Esa omisión alguien, desde el público, se la recordó. ¡»No te olvides de Kirchner»!, le gritó un vecino, ubicado sobre la calle Rivadavia luego que Blumberg recitara el catálogo de funcionarios bonaerenses. No atendió la llamada. La mansalva se extendió también a jueces y legisladores. Pero ante cada rechifla, Blumberg exponía el mismo argumento. «No hagan eso: a Falbo la votaron los senadores bonaerenses así que cuando corresponda, usen su voto. Nosotros ahora como ciudadano podemos exigir cosas pero además tenemos el poder del voto.» Toda una proclama.
En esa línea, quedó claro que el dolor por la inseguridad tiene blancos y responsables precisos: la clase política y, en paralelo, los jueces. Blumberg insistió con eso y desde el llano, quienes lo acompañaron al Congreso, potenciaron esa visión.
• Declaración jurada
Por eso, los momentos más efusivos fueron cuando Blumberg pidió reducir la presencia política en el Consejo de la Magistratura y al reclamar que «todos los jueces y funcionarios» tengan que presentar una declaración jurada de bienes, obligación vigente pero no en ganancias.

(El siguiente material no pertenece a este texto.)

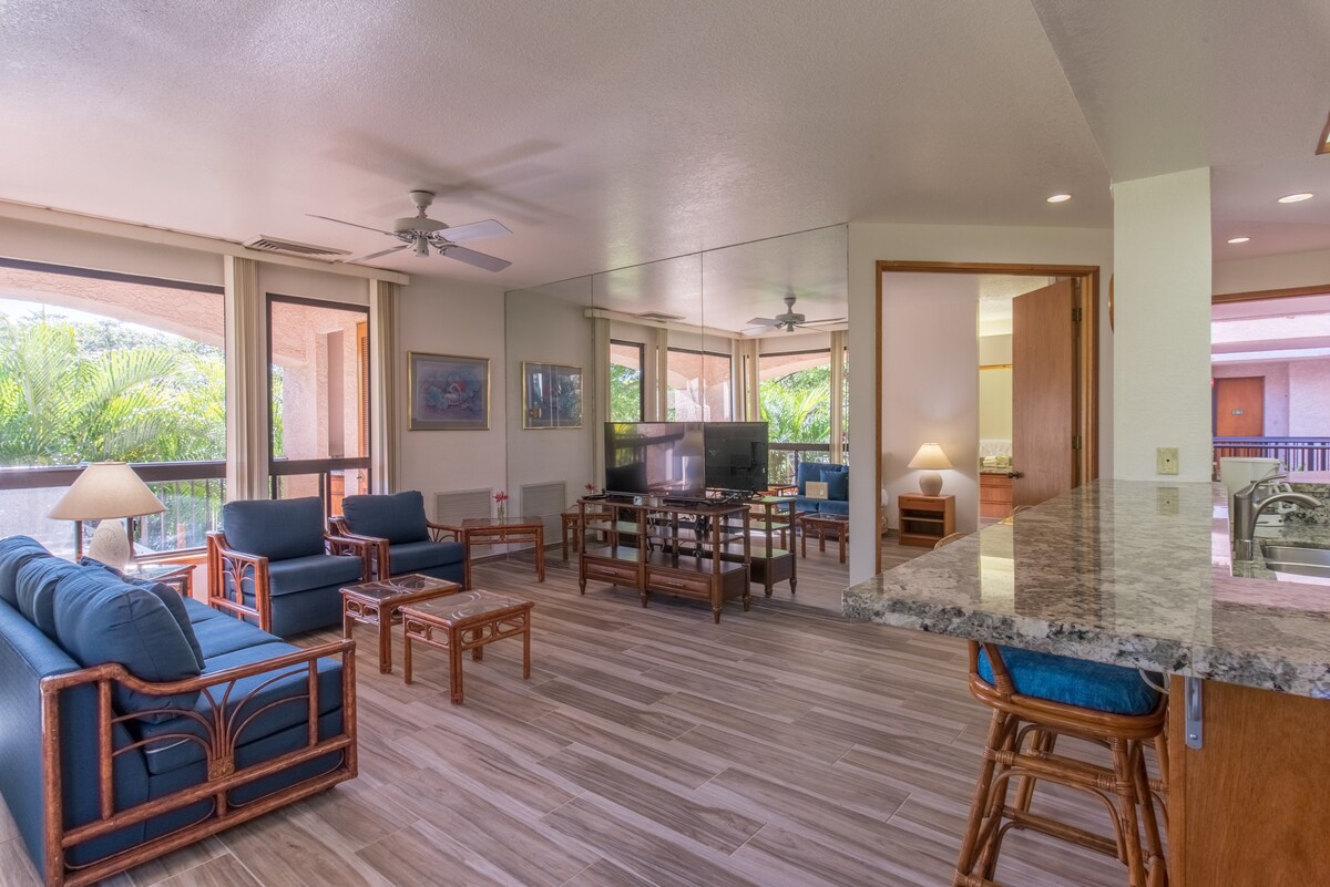 E Komo Mai-아름답게 꾸며진 페어웨이 빌라 2층 콘도에 계단이나 엘리베이터로 접근할 수 있습니다. 하와이에 오신 것을 환영합니다. 에어컨을 즐기거나 하와이 바람을 맞이하기 위해 창문을 열어두세요. 북쪽을 향하는 완벽한 그림 같은 베란다는 언제나 그늘이 있습니다. 침실 2개/욕실 2개인 콘도로 4명이 개인적으로 잘 수 있습니다. 넓은 거실, 식사 공간, 필요한 모든 편의시설이 갖춰진 주방이 있습니다. 숙소는 1,172평방피트로 지정된 주차 공간이 있습니다.

Casi un riesgo para los políticos que se mezclaron en el público. Los porteños Mauricio Macri, Jorge Enríquez y Patricia Bullrich fueron algunos de los que se animaron a navegar entre semejante malestar. Salieron ilesos.
Hacia el final, Blumberg arengó para que lo acompañen a presentar su petitorio. Allí lo recibió Solá que no tenía previsto recibirlo pero, a última hora, lo hizo para responder el reproche de que en cuatro meses no había atendido sus pedidos.
Igual, muchos de los que estaban en la Plaza de los Dos Congresos « plantaron» las velas encendidas sobre la plaza y rehusaron la última invitación de Blumberg. Era tarde, hacía frío, y mucha gente mayor y de pie. Para los porteños -tan golpeados por el delito como los bonaerenses- la respuesta y los culpables de su pánico estaban en otro lado.